Однако поспешные меры, принятые сразу же после прекращения «великого от-ступления» осенью 1915 г., не принесли желаемого результата. Более глубокое устройство тыла началось зимой 1915 г. 27 ноября 1915 г. по приказу № 290 начальника штаба Верховного главнокомандующего в каждой армии в районах корпусных и армейских тылов создавались отряды военной полиции из чинов полевых жандармских эскадронов, железнодорожной и уездной полиции эвакуированных губерний. Началось разграничение армейских тыловых районов на этапные участки, а корпусных - на полковые и дивизионные. На небольших железнодорожных станциях появились по-движные военно-полицейские заставы. Предполагалось немедленно предавать беглых и мародеров военно-полевому суду при ближайшем этапном коменданте, упорядочить передвижение маршевых частей, следующих на пополнение, назначив для их сопровождения вооруженные команды [69].

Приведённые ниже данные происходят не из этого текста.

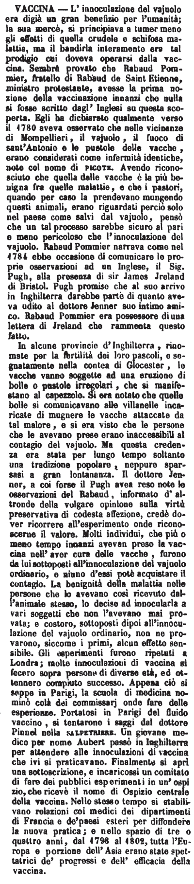 Vaccina - L'innoculazione del vajuolo era digià un gran benefizio per l'umanità; la sua mercè, si principiava a tumer meno gli effetti di quella crudele e schifosa malattia, ma il bandirla interamente era tal prodigio cui doveva operarsi dalla vaccina. Sembra provato che Rabaud Pommier, fratello di Rabaud de Saint Etienne, ministro protestante, avesse la prima nozione della vaccinazione innanzi che nulla si fosse scritto dagl'Inglesi su questa scoperta. Egli ha dichiarato qualmente verso il 1780 aveva osservato che nelle vicinanze di Mompellieri, il vajuolo, il fuoco di sant'Antonio e le pustole delle vacche, erano considerati come infermità identiche, note col nome di picote. Avendo riconosciuto che quella delle vacche è la più benigna fra quelle malattie, e che i pastori, quando per caso la prendevano mungendo questi animali, erano riguardati perciò solo nel paese come salvi dal vajuolo, pensò che un tal processo sarebbe sicuro al pari e meno pericoloso che l'innoculazione del vajuolo. Rabaud Pommier narrava come nel 1784 ebbe occasione di comunicare le proprie osservazioni ad un Inglese, il Sig. Pugh, alla presenza di sir James Jreland di Bristol. Pugh promise che al suo arrivo in Inghilterra darebbe parte di quanto aveva udito al dottore Jenner suo intimo amico. Rabaud Pommier era possessore di una lettera di Jreland che rammenta questo fatto.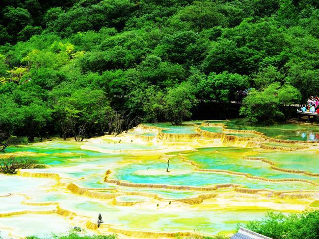 这里是著名的黄龙风景区,蜿蜒曲折,从上空看去,一个个天然形成的钙化池犹如是龙的鳞片,又由于钙化池的边缘多数为黄色,因此这个景区被称作 “黄龙”。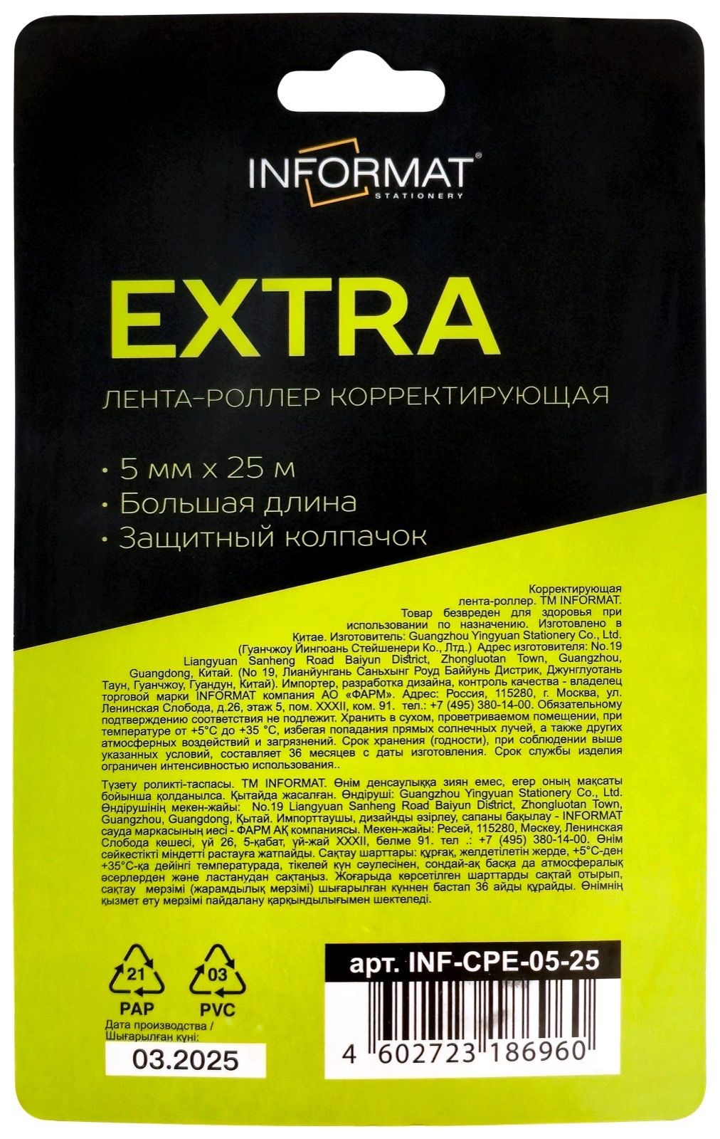 Механизм корректора: прямой ход ленты Цвет корпуса: черный Упаковка: блистер Серия: EXTRA Торговая марка: INFORMAT Размер корпуса (ДхШхВ), мм: 11х56х14,6 мм Мин. партия и варианты упаковок: 1 / 24 / 432 -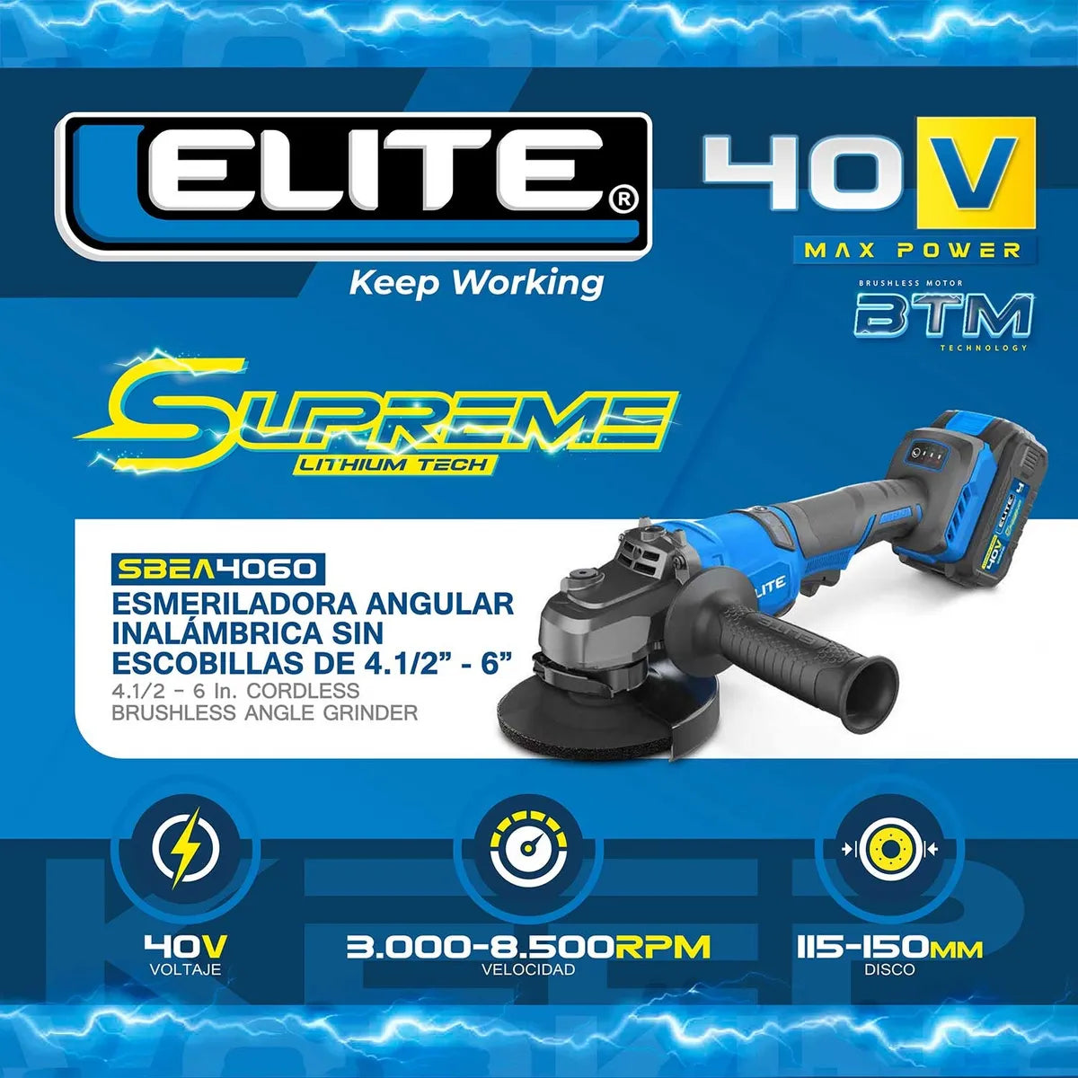 Esmeriladora Angular Inalambrica 4-1/2-6" 40V Brushless Elite SBEA4060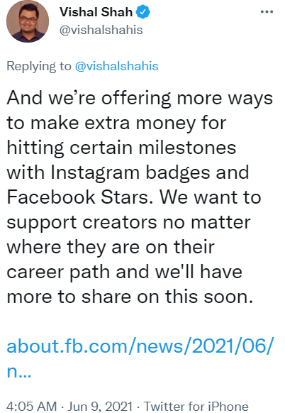 Taking note of this trend, Instagram issued a statement in June 2021 saying it always wanted to give the creators more room to grow and earn.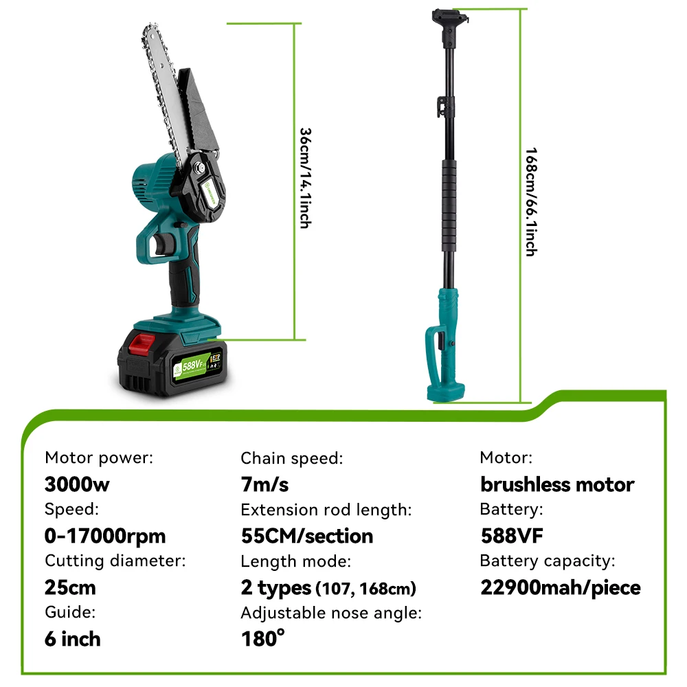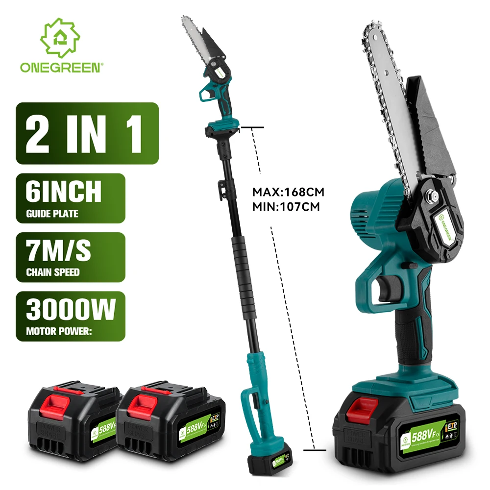 ONEGREEN 3000W 6 Inch Telescoping Pole Electric Chainsaw 2 IN 1 High Branch Garden Pruning Power Tool For Makita 18V Battery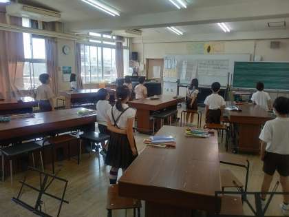 3年生の音楽です。コロナ対策のため、教室と、音楽室にわかれています。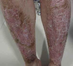 查体:下肢寻常型牛皮癣 由内分泌障碍和系统性免疫功能紊乱诱发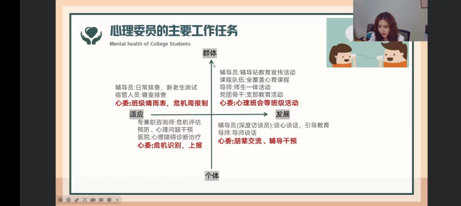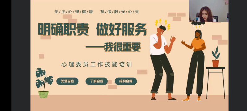 为提升心理委员的专业能力,更好地服务班级同学,建设一支具有较高水平心理自助与助人能力的朋辈心理辅导队伍,心理健康教育中心于10月26日晚对2023级新生心理委员开展了第一期线上专业技能培训,主题为“明确职责 做好服务 我很重要”,本次培训由心理健康教育中心李云佳老师主讲。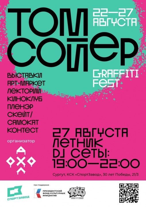В рамках фестиваля граффити «Том Сойер» на площадке «СпортЗавода» (ул. 30 лет Победы, 21/3) для посетителей подготовили граффити мастер-классы, киноклуб с культовыми фильмами про уличную культуру, креативные фотозоны и многое другое.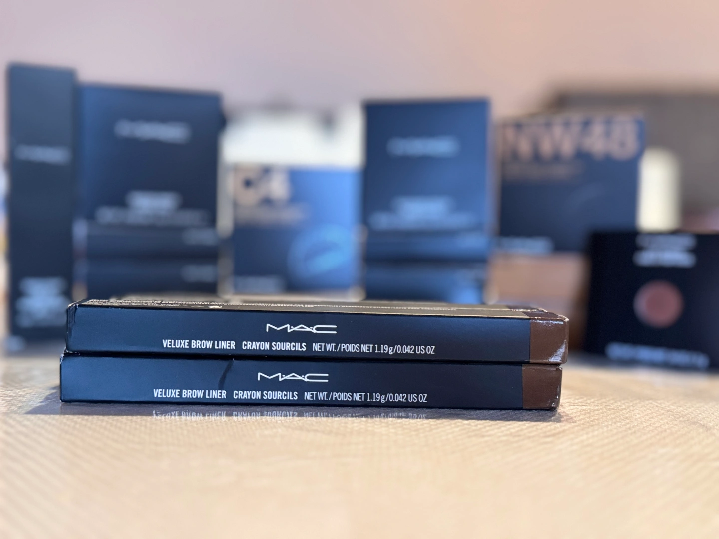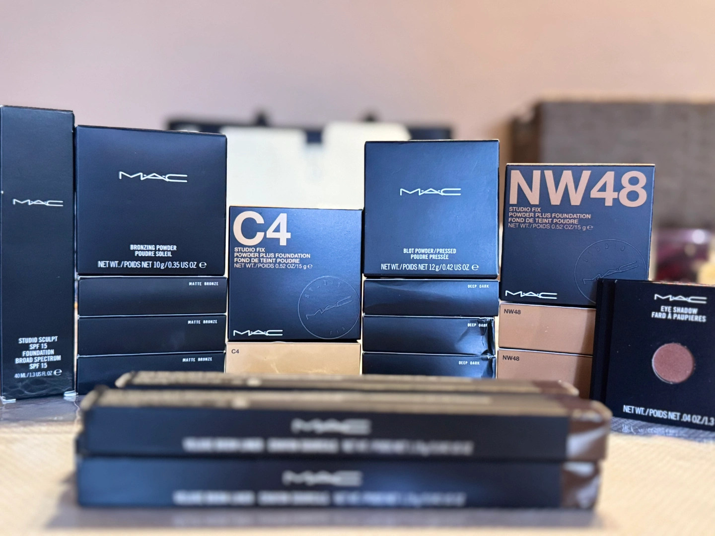 Collection of MAC makeup products. Boxes of powders, foundations, and liners. Great for adding to your everyday makeup routine.
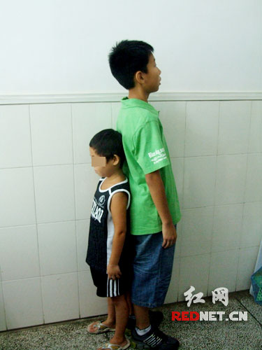 曾龙宇来自湘西凤凰,已经小学六年级的他和旁边一位11岁儿童站在一起,足足矮了一大截,让他自卑不已。他告诉记者:“平时在教室我都做第一排,坐公交车也不用买票,可是我不喜欢这样,感觉有点自卑。”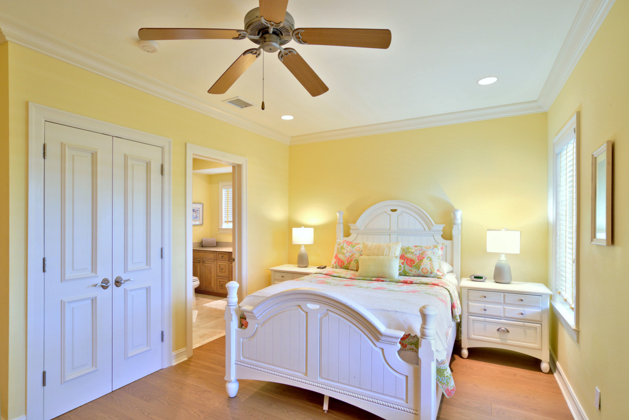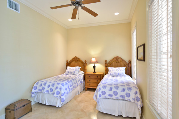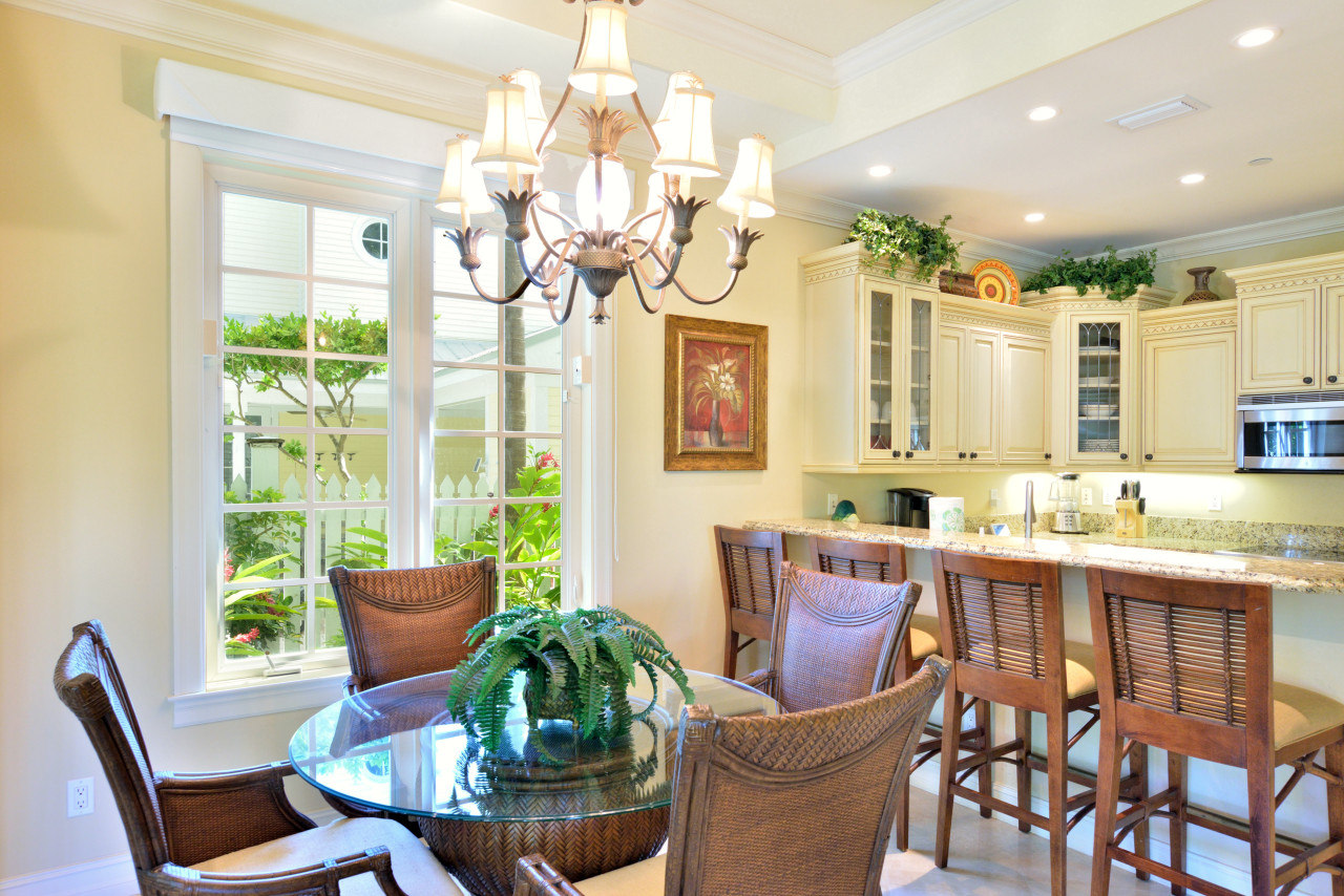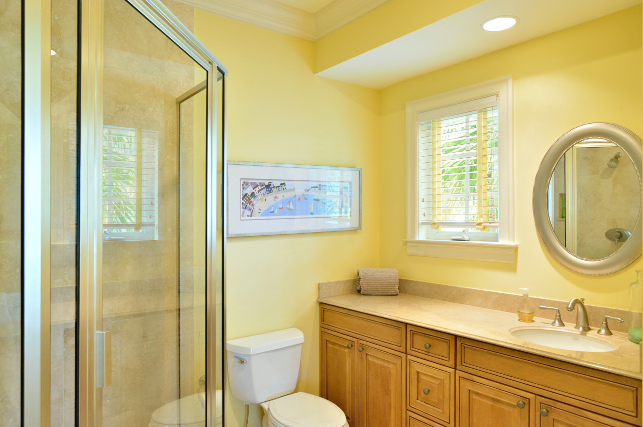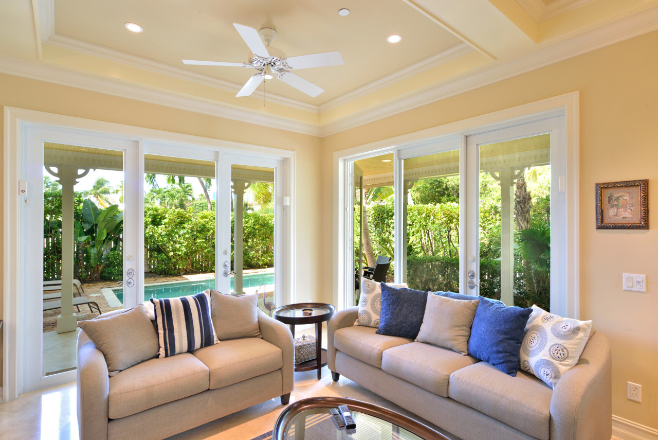 Throughout the interior, the designer created an ambience of understated elegance, befitting the stature of Sunset Key. Evoking a distinctive ‘Tommy Bahama’ feel, tropical furnishings throughout are casual yet sophisticated-done in soft Caribbean earth tones, wicker, wood, and bamboo. Wall colors of sunshine yellow are trimmed with bright white crown molding throughout. A fabulous feature of the Key West Sunset Sojourn vacation rental is that each bedroom has its own covered porch, accessed through a private exterior entrance.

Наиболее основательно тыл контролировался на Северном фронте, где одновременно с созданием контрольных участков 30 декабря 1915 г. была усилена деятельность военно-полицейских команд, подчинявшихся этапно-хозяйственным отделам армий [70]. Военно-полицейские команды получили широкие полномочия и в отношении местного населения. Им поручалось регистрировать всех жителей в 3-верстной полосе от расположения частей полка, принимать меры против преступлений в отношении гражданских лиц как со стороны военных, так и штатских, устанавливать запрет на передвижение, занятие торговлей и проституцией. Во время боев они должны были возвращать в строй здоровых солдат, а также устраивать внезапные облавы в своих /48/ районах, посылая летучие дозоры для обнаружения беглых и препровождения их в корпуса. Летучим отрядам предписывалось применять к дезертирам и мародерам самые суровые наказания военного времени [71].

Для отправки дезертиров в действующую армию, согласно предписаниям Главного управления Генерального штаба (ГУГШ) и Ставки, все уезды фронтов были приписаны к особым распределительным пунктам. Для Северного фронта таковым являлся Псков, для Западного - Гомель и Смоленск, для Юго-Западного - Киев, Жмеринка и Кременчуг, для Кавказского - Тифлис, Армавир, Александрополь и Екатеринодар. На указанные пункты задержанные направлялись воинскими начальниками и этапными комендантами тыловых районов фронтов. Команды беглых и нижних чинов «дурного поведения» отправляли под конвоем в Минский 101-й этап [72].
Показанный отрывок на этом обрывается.